I needed a good accompaniment to the turkey pita I was eating, so I decided to make a crisp, verdant salad out of the things that I had sitting in my fridge (that’s how most of my recipes start out, I guess…college life…). I ended up with a seasonally appropriate pasta salad full of green things in my fridge: peas, broccoli, scallions and celery, topped off with a bright balsamic vinaigrette to bring the whole thing to life.

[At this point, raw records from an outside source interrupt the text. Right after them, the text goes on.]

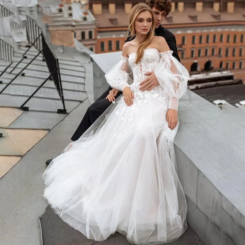 Женское кружевное свадебное платье в стиле бохо, расширяющееся книзу ТРАПЕЦИЕВИДНОЕ ПЛАТЬЕ со шлейфом и вышивкой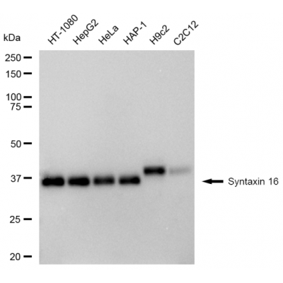 Reactivity: Human Applications: WB, IF/IC, FCM, WB-KD Isotype: IgG Clone: 23GB4655 Host Species: Rabbit Clonality: Monoclonal Synonyms: STX16; Syntaxin 16; SYN-16; SYN16; Syntaxin-16; Hsyn16; HSYN16; Syn16Immunogen: A synthesized pe..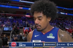 上半場,活塞雙向合同球員托盧·史密斯表現出色,籃板已經刷新生涯新高(此前7個),替補出戰12分鐘,投籃4中1,罰球4中4,拿到6分9籃板(4前場籃板)2搶斷2蓋帽的數據。

I brought it to a potluck the next day, and everyone ate it, so that’s a good sign…right?
Recipe:
1 bunch scallions, sliced thinly on the diagonal
4 stalks celery, leaves included, sliced thinly on the diagonal
3/4 c cooked peas
1 1/2 c cooked broccoli, cut into little florets
1/2 package of penne, cooked and drained
Dressing:
3/4 c olive oil
3/4 c balsamic vinegar
4 cloves of garlic, crushed and minced
1 tbs dijon mustard
1/2 tsp dried basil
1/2 tsp dried dill
1/2 tsp cracked black pepper
1/2 tsp kosher salt
pinch red pepper flakes
1/4 c Italian flat-leaf parsley, chopped finely
Combine salad ingredients together. In a separate bowl, whisk dressing ingredients. Toss with salad and store in the fridge until ready to serve.